*** Opening Information provided ***

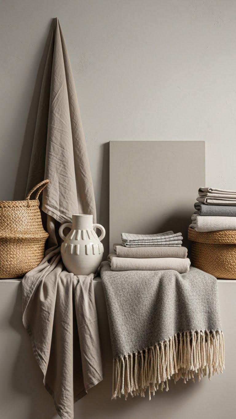 Layer a quiet chorus of neutrals to give your mantel depth without shouting—think oatmeal linen, pebble-washed wool, and matte plaster playing off one another.
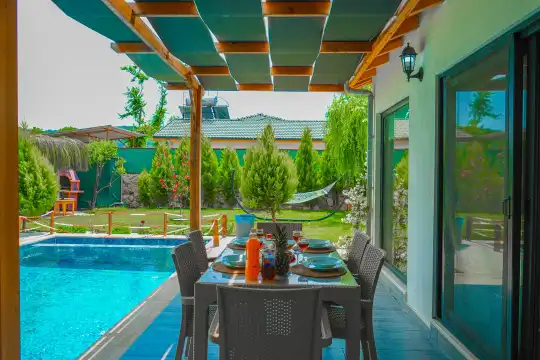 Villa Güzellik 2, Fethiye'nin Kayaköy mevkiinde konumlanmış olup, doğa içerisinde geniş bahçe ve havuz terasına sahiptir. Özellikle çocuklu aileler tarafından tercih edilen villamız, çocuk havuzuna sahiptir. 2 yatak odası ve 4 kişi konaklama kapasitesi ile muhafazakar aileler ve arkadaş grupları için ideal bir kiralık tatil villasıdır.
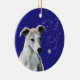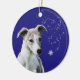 Ornement de bourrasque de neige de vacances de chiot de whippet. Ajoutez votre message personnel au dos utilisant la "personnaliser il" bouton.

*** Closing Information provided ***

What this task involves » Could you give the listing again exactly as it stands, minus any pictures?

Answer to this problem »
 Layer a quiet chorus of neutrals to give your mantel depth without shouting—think oatmeal linen, pebble-washed wool, and matte plaster playing off one another.
 Villa Güzellik 2, Fethiye'nin Kayaköy mevkiinde konumlanmış olup, doğa içerisinde geniş bahçe ve havuz terasına sahiptir. Özellikle çocuklu aileler tarafından tercih edilen villamız, çocuk havuzuna sahiptir. 2 yatak odası ve 4 kişi konaklama kapasitesi ile muhafazakar aileler ve arkadaş grupları için ideal bir kiralık tatil villasıdır.
 Ornement de bourrasque de neige de vacances de chiot de whippet. Ajoutez votre message personnel au dos utilisant la "personnaliser il" bouton.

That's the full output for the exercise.